The world roared, turned black.
SIX
Transit Zone, Keleti Station, 1.10 p.m.
Eniko had seen punches thrown in bars, watched drunks push and shove each other, sudden outbursts of posturing that exploded then evaporated as quickly as they started. But she had never witnessed a sustained fight, the fierce concentration of violence inflicted to hurt and injure. She was horrified, nauseated and transfixed by the spectacle.
Grunts, gasps of pain and expletives resounded across the Transit Zone. Time seemed to slow down and speed up simultaneously. She watched Balthazar pivot on his left foot and lash out in every direction, arms and legs working methodically like a steam engine. One part of her wanted to rush to his aid, another to run for her life. The kicks and punches, the flurries of movement, arms and legs flailing, seemed to last longer than any human being could bear. But the limbs kept on moving, whipping through the air like demons.

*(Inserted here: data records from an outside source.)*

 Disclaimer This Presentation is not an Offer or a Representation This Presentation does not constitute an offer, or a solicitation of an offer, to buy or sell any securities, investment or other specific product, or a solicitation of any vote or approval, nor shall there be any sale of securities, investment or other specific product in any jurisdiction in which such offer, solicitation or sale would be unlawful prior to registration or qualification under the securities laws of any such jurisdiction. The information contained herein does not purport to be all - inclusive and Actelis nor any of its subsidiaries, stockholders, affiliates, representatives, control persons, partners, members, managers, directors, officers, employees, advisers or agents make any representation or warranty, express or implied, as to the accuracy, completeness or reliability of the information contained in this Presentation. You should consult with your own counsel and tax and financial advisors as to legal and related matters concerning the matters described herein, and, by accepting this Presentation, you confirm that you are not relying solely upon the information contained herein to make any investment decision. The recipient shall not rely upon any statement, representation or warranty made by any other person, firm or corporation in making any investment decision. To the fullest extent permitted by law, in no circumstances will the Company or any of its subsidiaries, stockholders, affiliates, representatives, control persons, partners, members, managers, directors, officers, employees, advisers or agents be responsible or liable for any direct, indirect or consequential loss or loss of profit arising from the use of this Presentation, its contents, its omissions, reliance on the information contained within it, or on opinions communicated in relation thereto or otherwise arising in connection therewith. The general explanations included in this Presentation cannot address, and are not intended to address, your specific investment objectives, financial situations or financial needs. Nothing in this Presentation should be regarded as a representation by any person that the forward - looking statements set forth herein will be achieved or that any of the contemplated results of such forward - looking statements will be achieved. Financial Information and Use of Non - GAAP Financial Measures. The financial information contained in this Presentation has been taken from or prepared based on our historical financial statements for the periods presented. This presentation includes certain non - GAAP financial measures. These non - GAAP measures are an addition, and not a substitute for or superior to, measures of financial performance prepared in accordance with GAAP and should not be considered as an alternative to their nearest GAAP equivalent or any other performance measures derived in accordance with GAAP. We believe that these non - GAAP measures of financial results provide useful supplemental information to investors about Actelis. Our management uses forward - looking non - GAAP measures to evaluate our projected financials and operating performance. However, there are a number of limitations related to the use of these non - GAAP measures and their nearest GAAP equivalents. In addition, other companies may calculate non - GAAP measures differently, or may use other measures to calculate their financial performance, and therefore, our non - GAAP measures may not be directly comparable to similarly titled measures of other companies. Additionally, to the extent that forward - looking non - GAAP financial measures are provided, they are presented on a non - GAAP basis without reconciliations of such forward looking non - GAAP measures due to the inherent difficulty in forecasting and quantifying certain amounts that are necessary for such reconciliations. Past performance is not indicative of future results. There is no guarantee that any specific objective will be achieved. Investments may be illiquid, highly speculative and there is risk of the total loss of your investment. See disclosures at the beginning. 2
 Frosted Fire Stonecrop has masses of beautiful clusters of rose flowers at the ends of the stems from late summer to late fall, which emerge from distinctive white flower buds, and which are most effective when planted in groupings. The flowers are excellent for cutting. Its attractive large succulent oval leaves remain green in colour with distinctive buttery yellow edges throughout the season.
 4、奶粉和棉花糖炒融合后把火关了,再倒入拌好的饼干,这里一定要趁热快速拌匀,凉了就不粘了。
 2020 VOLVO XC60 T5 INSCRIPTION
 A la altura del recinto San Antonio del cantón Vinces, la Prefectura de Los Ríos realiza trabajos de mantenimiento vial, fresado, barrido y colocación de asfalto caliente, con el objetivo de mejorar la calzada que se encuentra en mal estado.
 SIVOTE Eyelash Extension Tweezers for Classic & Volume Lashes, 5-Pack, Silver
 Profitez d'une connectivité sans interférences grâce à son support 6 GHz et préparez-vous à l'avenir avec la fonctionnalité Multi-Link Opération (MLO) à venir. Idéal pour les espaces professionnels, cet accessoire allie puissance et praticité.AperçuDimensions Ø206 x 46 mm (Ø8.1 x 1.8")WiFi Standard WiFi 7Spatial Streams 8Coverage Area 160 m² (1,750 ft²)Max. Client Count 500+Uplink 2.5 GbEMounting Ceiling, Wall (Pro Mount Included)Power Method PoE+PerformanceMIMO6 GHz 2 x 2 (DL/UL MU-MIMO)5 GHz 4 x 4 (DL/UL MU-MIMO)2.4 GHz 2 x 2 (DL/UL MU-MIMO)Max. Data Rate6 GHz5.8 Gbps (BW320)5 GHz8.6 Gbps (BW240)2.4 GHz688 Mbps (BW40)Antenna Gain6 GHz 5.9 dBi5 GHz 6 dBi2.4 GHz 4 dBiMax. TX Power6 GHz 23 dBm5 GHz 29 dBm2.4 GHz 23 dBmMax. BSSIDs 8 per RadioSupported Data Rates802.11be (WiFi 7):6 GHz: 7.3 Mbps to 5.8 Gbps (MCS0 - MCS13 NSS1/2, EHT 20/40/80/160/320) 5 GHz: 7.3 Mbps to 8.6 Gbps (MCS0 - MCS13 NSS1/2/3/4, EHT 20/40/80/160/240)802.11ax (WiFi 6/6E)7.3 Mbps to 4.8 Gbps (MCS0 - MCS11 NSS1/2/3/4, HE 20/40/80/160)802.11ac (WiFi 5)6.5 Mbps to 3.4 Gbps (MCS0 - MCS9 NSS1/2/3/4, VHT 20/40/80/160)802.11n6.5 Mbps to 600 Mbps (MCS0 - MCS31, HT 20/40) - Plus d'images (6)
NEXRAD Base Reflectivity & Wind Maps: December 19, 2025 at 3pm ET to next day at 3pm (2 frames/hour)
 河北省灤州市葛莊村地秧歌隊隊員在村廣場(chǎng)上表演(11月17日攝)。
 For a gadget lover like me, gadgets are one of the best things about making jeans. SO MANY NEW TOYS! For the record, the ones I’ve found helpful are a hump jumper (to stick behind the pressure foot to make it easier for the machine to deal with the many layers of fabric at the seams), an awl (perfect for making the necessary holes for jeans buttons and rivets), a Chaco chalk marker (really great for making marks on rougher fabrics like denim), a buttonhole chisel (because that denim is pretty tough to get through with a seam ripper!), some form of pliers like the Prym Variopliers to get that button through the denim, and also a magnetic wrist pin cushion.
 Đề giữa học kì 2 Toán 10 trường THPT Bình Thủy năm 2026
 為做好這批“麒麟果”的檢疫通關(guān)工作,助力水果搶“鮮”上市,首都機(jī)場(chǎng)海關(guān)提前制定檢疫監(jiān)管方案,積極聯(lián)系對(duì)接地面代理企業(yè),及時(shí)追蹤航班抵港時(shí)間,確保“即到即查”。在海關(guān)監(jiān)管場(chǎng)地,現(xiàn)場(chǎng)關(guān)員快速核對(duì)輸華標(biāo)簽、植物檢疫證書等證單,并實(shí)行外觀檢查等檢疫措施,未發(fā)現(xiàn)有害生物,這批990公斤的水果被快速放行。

She stepped outside, hovered on the edge of the fight. Someone brushed past her, but she was too anxious about the fight to notice. Balthazar appeared in
the middle of the mêlée, a man went down, then he was absorbed again. Then, as suddenly as it began, the fight ended. The men dispersed. Balthazar lay on the ground, his shirt ripped, a thin, crimson trickle seeping from his mouth, his eyes half open.
Eniko bound forward, crouched down next to him and touched his face. Balthazar blinked, groaned, half-smiled in recognition, turned on his side and coughed, sending a gout of blood from his nose. Then Eniko realised. Her right hand, the one that had been holding her phone, was empty.
Prime minister’s office, Hungarian Parliament, 3.00 p.m.
Pal Palkovics sat back with his feet up on his carved oak desk watching state television’s afternoon news on his computer monitor. The reporter, a rangy brunette in her early thirties, was standing by a large construction works on the southern border, next to a large earth digger, piles of razor wire and bags of cement. The fence, which would seal off the frontier with Serbia through which most migrants passed, would be finished in a week, she exclaimed excitedly. ‘Then we will be free of the migrant terror.’ The camera panned across the border to the edge of Serbia, where hundreds of weary-look-ing migrants waited listlessly in the afternoon heat.
Palkovics switched the report off. The border fence – in fact a twelve-foot concrete wall – had provoked protests from human rights organisations, the European Union and the small liberal parties that were not part of his grand coalition. He ignored all of them. The polls, both public and private, showed overwhelming support for sealing off the frontier. He looked around his large corner office in the neo-Gothic parliament building. Hungary’s prime minister had been in power for six months, and he still relished his workplace. The walls were half lined with varnished wooden panels. The Bridge at Mostar, by Csontvary, one of Hungary’s greatest artists, hung over the white marble fireplace, the pale arch of the bridge and the bright colours of its surrounds shining in the afternoon sunlight. A closed set of double wooden doors stood on the far side of the office.